======== Data extracts

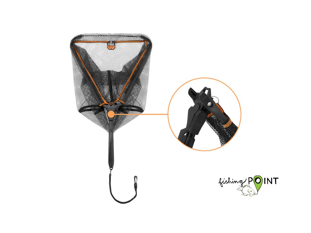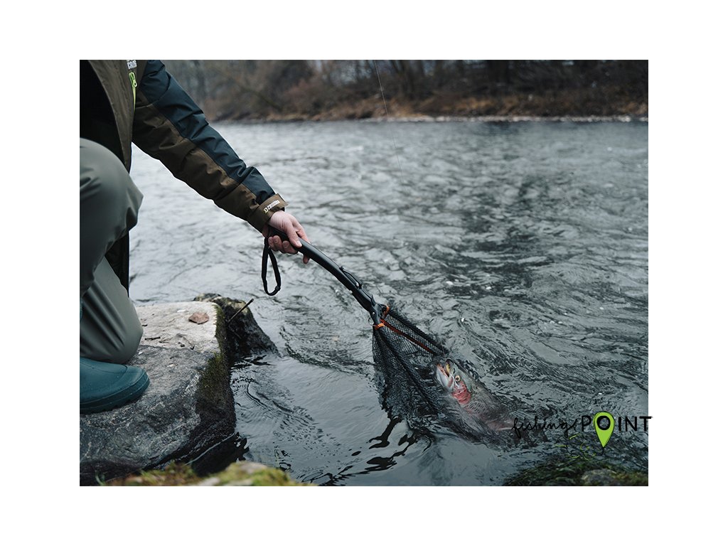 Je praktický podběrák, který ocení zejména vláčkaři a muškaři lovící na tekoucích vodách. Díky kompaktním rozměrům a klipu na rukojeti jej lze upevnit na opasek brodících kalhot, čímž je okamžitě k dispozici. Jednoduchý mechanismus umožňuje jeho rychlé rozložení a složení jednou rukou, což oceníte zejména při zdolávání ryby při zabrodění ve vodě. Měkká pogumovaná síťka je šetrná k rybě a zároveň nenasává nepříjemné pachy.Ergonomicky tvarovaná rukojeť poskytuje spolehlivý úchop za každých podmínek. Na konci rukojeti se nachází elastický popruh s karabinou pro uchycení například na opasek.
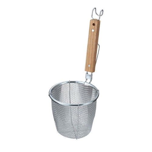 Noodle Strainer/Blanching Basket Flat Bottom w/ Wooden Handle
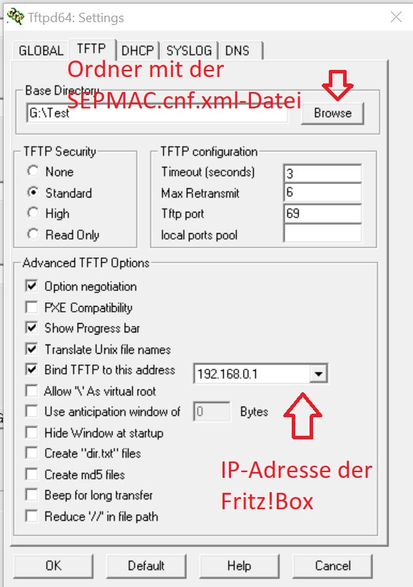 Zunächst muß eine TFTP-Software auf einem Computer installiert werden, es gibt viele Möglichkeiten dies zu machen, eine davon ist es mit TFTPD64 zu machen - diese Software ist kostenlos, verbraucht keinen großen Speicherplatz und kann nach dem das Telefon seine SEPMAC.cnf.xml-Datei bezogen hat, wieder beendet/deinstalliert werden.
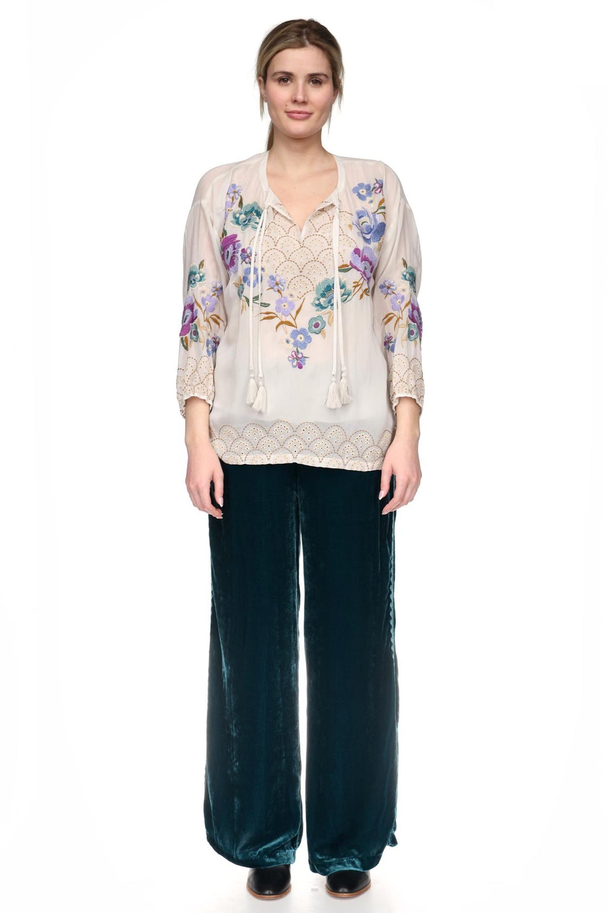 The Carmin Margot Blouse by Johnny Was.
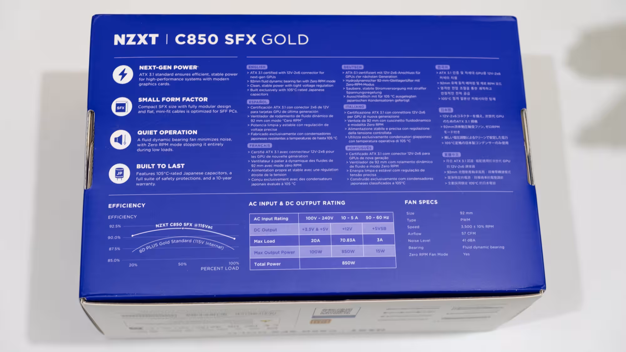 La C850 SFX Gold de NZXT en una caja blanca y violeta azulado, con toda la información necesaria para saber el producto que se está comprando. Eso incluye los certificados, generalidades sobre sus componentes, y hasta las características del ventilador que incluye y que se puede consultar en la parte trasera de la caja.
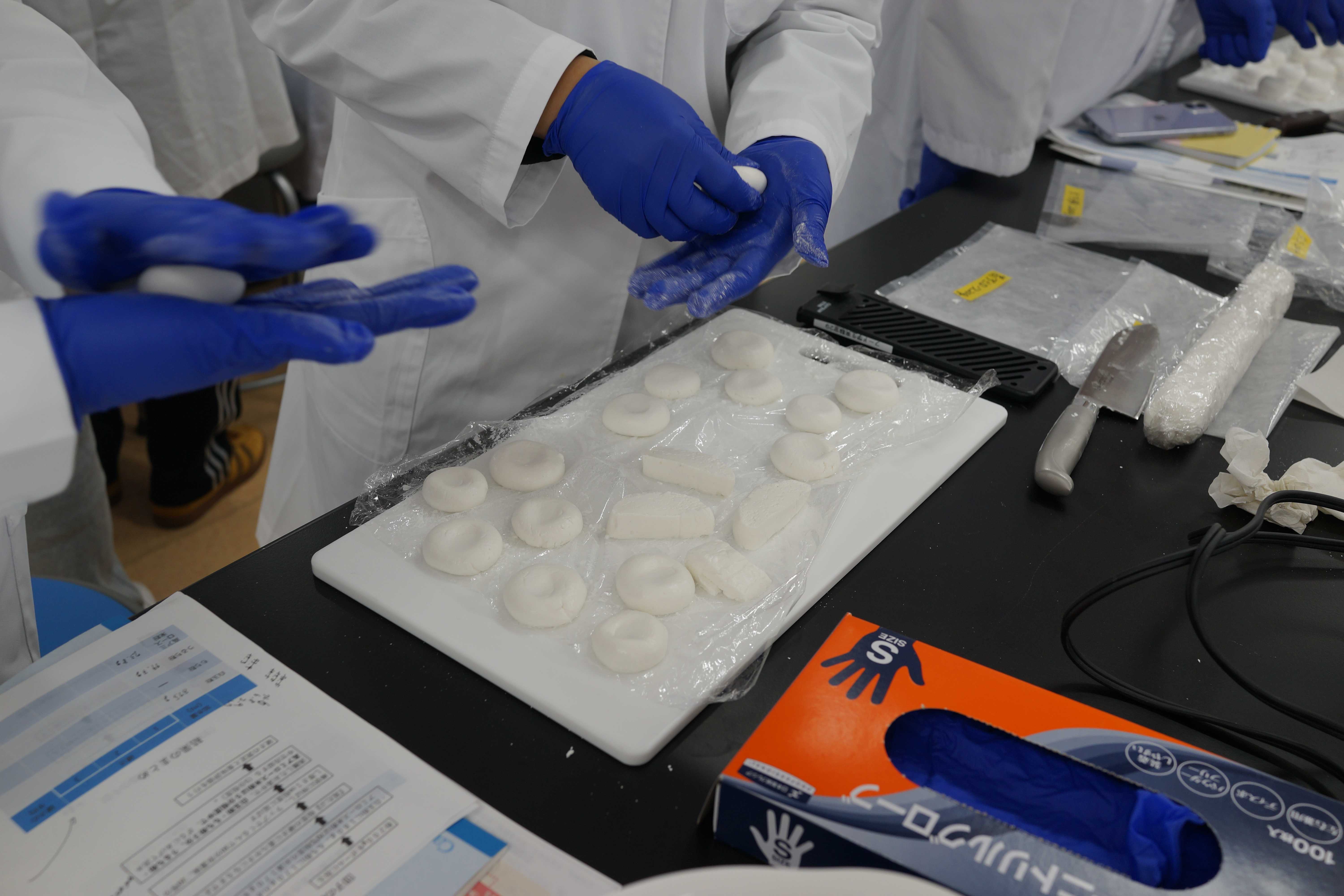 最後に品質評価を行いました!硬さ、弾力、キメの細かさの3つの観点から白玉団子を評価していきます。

================

When the line containing "The Carmin Margot Blouse by Johnny Was." has been located, retype it and each line after it through the end of the records, excluding the pictures and adding nothing else.

 The Carmin Margot Blouse by Johnny Was.
 La C850 SFX Gold de NZXT en una caja blanca y violeta azulado, con toda la información necesaria para saber el producto que se está comprando. Eso incluye los certificados, generalidades sobre sus componentes, y hasta las características del ventilador que incluye y que se puede consultar en la parte trasera de la caja.
 最後に品質評価を行いました!硬さ、弾力、キメの細かさの3つの観点から白玉団子を評価していきます。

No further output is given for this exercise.